Aim of the task: Using the data below, transcribe exactly everything from the line that contains "Elevate your style" down to the line that contains "Bring casual seating". Include both of those lines and none of the pictures.

Provided material:
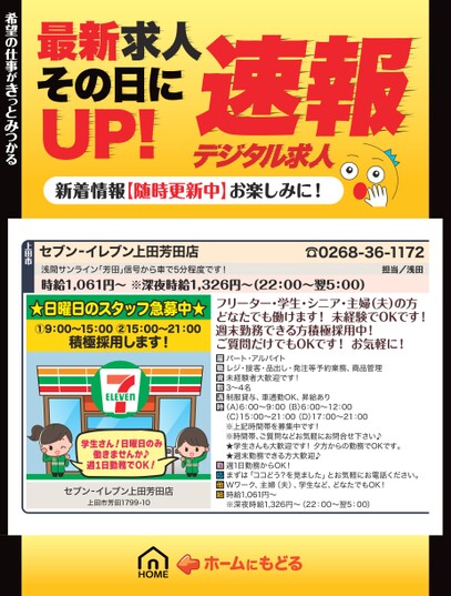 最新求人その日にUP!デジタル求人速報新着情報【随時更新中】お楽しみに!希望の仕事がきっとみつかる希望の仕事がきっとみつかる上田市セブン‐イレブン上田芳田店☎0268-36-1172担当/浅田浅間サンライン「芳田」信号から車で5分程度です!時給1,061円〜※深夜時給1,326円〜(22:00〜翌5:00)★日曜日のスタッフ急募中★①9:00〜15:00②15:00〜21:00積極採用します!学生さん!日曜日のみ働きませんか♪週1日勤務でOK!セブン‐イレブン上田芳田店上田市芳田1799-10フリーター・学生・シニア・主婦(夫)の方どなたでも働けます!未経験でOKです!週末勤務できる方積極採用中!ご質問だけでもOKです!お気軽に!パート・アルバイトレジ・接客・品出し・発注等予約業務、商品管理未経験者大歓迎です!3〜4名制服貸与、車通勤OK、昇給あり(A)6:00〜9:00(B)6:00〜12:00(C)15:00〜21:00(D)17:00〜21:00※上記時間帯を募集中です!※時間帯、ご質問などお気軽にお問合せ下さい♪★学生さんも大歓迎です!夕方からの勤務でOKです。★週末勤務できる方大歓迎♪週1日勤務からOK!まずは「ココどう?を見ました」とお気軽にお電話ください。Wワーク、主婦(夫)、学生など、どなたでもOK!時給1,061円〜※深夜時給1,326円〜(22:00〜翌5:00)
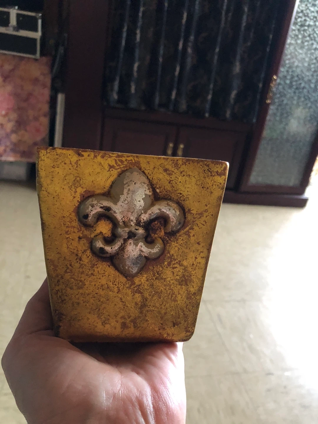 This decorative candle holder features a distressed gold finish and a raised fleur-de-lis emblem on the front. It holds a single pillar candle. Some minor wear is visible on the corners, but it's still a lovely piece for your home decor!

--

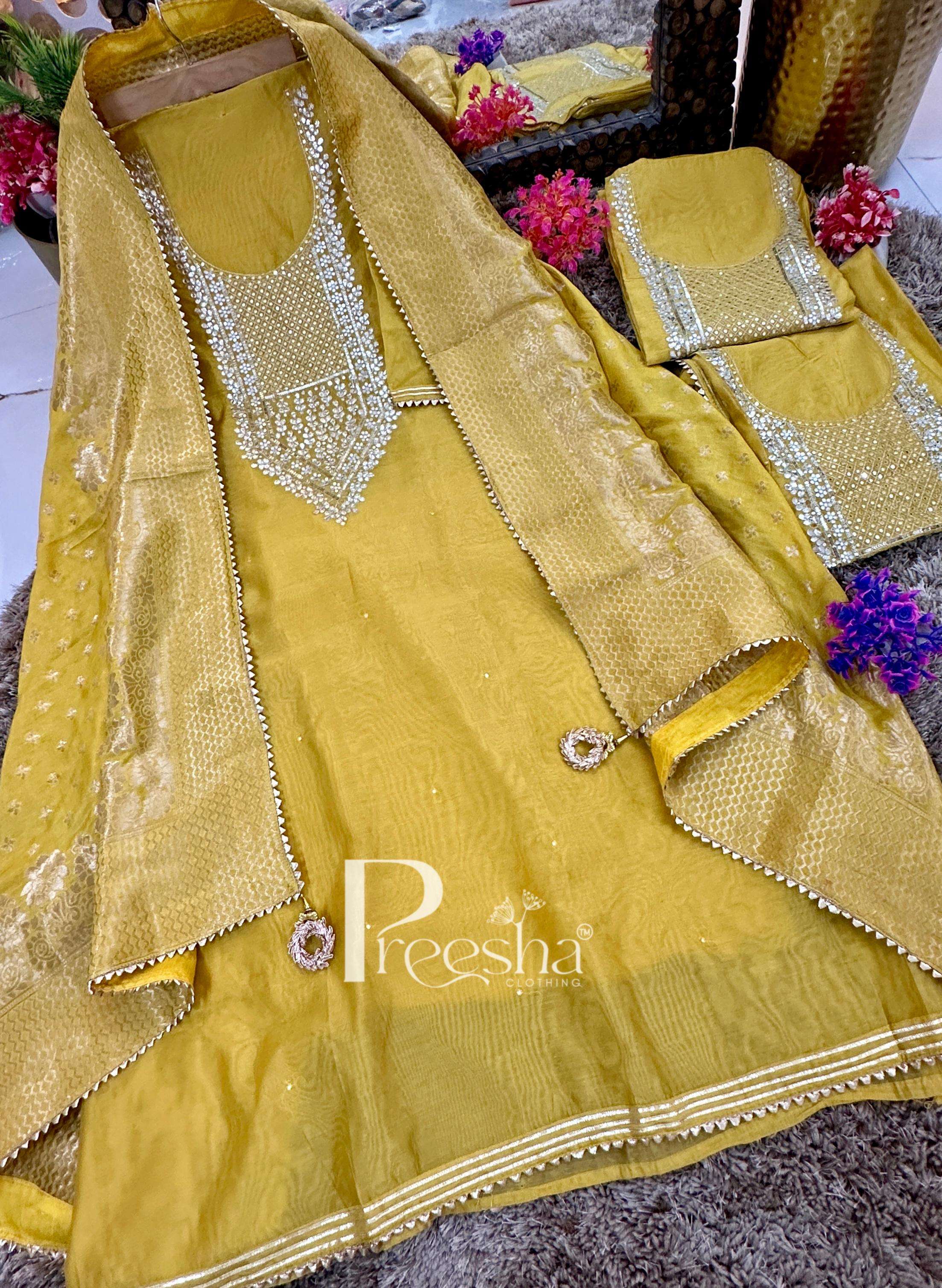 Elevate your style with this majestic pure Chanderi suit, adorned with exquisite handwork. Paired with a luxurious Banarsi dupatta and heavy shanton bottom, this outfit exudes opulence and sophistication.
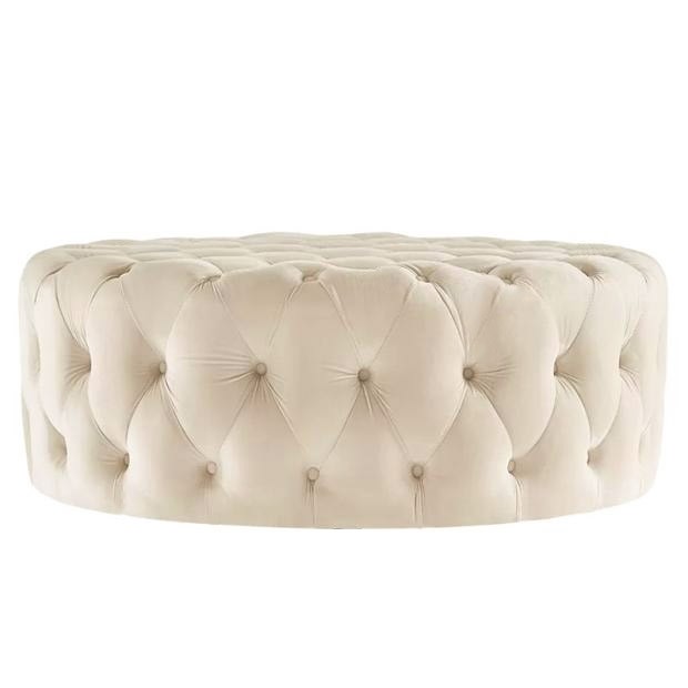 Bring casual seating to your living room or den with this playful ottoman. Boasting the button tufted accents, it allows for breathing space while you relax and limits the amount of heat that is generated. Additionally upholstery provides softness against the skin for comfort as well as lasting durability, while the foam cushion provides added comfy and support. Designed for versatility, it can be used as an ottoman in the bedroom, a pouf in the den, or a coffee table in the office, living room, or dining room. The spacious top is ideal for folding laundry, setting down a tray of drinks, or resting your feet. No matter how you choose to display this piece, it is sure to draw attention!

Expected answer:
 Elevate your style with this majestic pure Chanderi suit, adorned with exquisite handwork. Paired with a luxurious Banarsi dupatta and heavy shanton bottom, this outfit exudes opulence and sophistication.
 Bring casual seating to your living room or den with this playful ottoman. Boasting the button tufted accents, it allows for breathing space while you relax and limits the amount of heat that is generated. Additionally upholstery provides softness against the skin for comfort as well as lasting durability, while the foam cushion provides added comfy and support. Designed for versatility, it can be used as an ottoman in the bedroom, a pouf in the den, or a coffee table in the office, living room, or dining room. The spacious top is ideal for folding laundry, setting down a tray of drinks, or resting your feet. No matter how you choose to display this piece, it is sure to draw attention!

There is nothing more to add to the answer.